Middle East

A Pakistan foreign policy renaissance? Not quite


Pakistan seems to have caught the geopolitical winds just right. Last month, Pakistan signed a defence agreement with Saudi Arabia. Under this bold pact, an attack on one will be regarded as an attack on both, a dramatic escalation of security guarantees in a region already crowded with rivalries. At the same time, Islamabad has quietly dispatched rare earth mineral samples to the United States and is exploring deeper export agreements. Washington, for its part, appears newly interested in treating Pakistan as more than a peripheral irritant.

These moves suggest momentum. Commentators in Islamabad and Riyadh call it a renaissance of Pakistani foreign policy, a belated recognition of the country’s strategic indispensability. Prime Minister Shehbaz Sharif’s presence at the Gaza peace summit only reinforced the impression of a nation returning to centre stage in the Muslim world.

But this is no overnight miracle. It is the product of necessity, pressure and shifting alignments in a volatile region. Behind the optics lie harder realities.

The first driver of Pakistan’s foreign policy push is the US withdrawal from Afghanistan. Washington’s abrupt exit left a vacuum it still struggles to fill. With a hostile Iran and an entrenched Taliban, the US needs a counterweight in the region. Pakistan, with its geography, intelligence networks and long entanglement in Afghan affairs, suddenly matters again.

US President Donald Trump’s demand that the Taliban hand over the Bagram airbase, five years after signing the deal that paved the way for the US withdrawal, underscores America’s search for leverage. If that gambit fails, Pakistan becomes the obvious fallback: the only state with both logistical capacity and political connections to help Washington maintain a presence in the region.
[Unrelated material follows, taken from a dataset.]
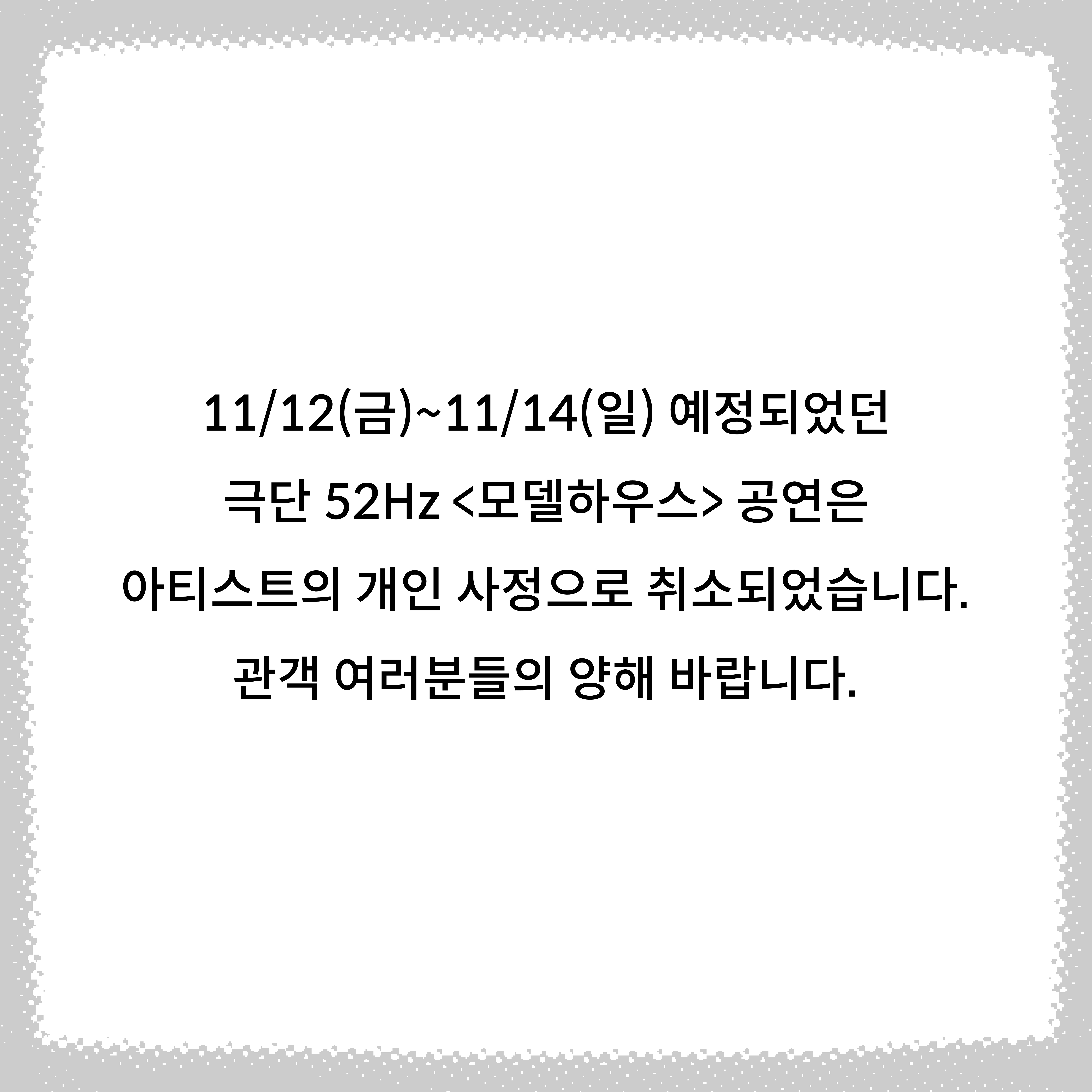 11/12(±Ý)~11/14(ÀÏ) ¿¹Á¤µÇ¾ú´ø ±Ø´Ü 52Hz <¸ðµ¨ÇϿ콺> °ø¿¬Àº

The second factor is the uneasy US-India relationship. Over the past decade, Washington has drawn New Delhi deeper into its Indo-Pacific strategy, strengthening its global profile in ways Pakistan sees as threatening. Yet US-India friction has grown. Disputes over visas and tariffs have festered. India’s embrace of Moscow has raised eyebrows in Washington.
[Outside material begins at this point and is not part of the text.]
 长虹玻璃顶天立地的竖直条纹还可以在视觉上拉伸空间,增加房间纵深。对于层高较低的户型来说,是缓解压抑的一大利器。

Prime Minister Narendra Modi’s August visit to Beijing sent a clear signal that India is willing to hedge its bets with China. Economically, his “Make in India” programme, modelled on East Asia’s low-cost export strategies, could undercut US manufacturing. For Trump, eager to maintain balance in Asia, Pakistan appears useful again as a counterweight to India’s flirtations with Beijing.
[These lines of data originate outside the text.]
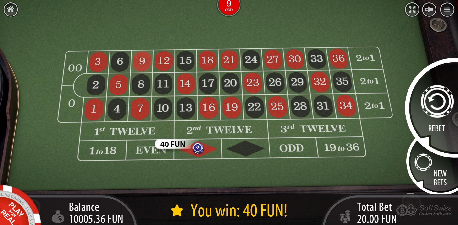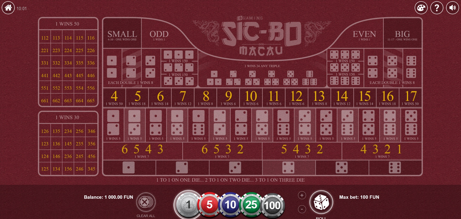 - 精确掷骰(三个单数)——类似于掷骰子中的简单跳注,只不过用的是三个骰子。玩家选择由三个单数组成的特定骰子点数。例如,2-4-6。玩家必须掷出恰好 2-4-6 才能获胜。游戏提供六种骰子面中三个骰子面的所有 20 种可能组合。
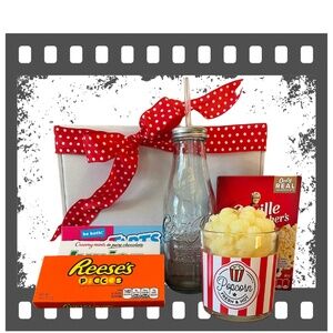 Movie Night Gift Box with Glass Coca Cola Bottles w/straw
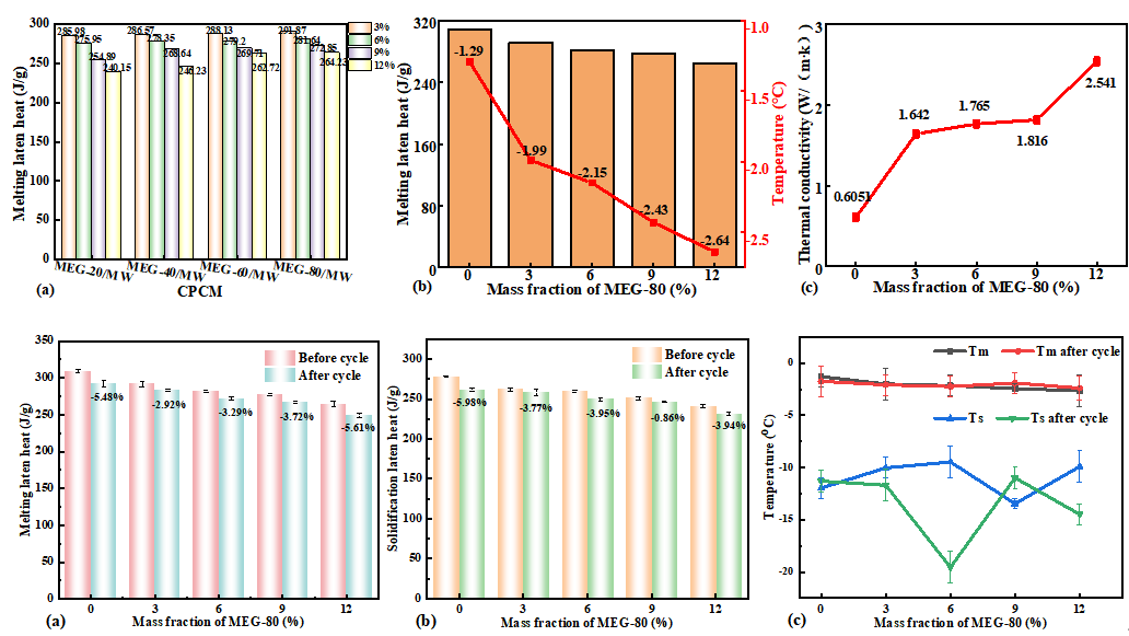 在低碳能源体系转型加速推进与冷链物流产业快速发展的背景下,开发高效、稳定、可持续的冷能存储材料已成为重要研究方向。水基相变材料因潜热密度高、成本低廉、环境友好等优势,被视为冷能存储领域的理想候选体系。但其固有热导率低、过冷度大、循环稳定性差等关键问题,严重制约了其实际应用。为解决上述瓶颈,现有研究多通过引入功能添加剂进行改性,然而添加剂引入会破坏水分子氢键网络,导致材料潜热损失。为实现兼具高潜热密度、热导率和低过冷度材料的研发,高原特色农业太阳能多元化利用创新团队负责人李明教授指导团队成员张莹博士和研究生们共同开展了气凝胶基、碳基复合水基相变材料以及相变微胶囊技术的系列深入研究,近期在该领域连续发表三篇高水平学术论文。

The third and most precarious driver is mineral diplomacy. Islamabad’s outreach to Washington centres on promises of access to rare earth minerals, many of which are located in the restive region of Balochistan. On paper, this looks like a win-win: Pakistan gains investment, and the US secures critical resources. But the reality is darker. Balochistan remains Pakistan’s poorest province despite decades of extraction. Infrastructure projects stand underused, airports lie empty and unemployment remains stubbornly high.

The Balochistan Mines and Minerals Act 2025, passed by the provincial legislature in March, has only deepened discontent. Under the act, Islamabad is formally empowered to recommend mining policies and licensing decisions in Balochistan, a move that has provoked opposition across the political spectrum. Critics argue it undermines provincial autonomy and recentralises control in Islamabad. Even right-wing religious parties, such as the Jamiat Ulema-i-Islam (JUI-F), seldom aligned with nationalist groups, have expressed opposition, portraying the law as yet another attempt to dispossess local communities of their rightful stake in the province’s resources.

This backlash underscores a dangerous trend. Resource exploitation without local participation fuels resentment and insurgency. By opening mineral wealth to foreign investors without social safeguards, Islamabad risks deepening the alienation of a province already scarred by conflict and militarisation. What looks like salvation in Islamabad can look like dispossession in Quetta.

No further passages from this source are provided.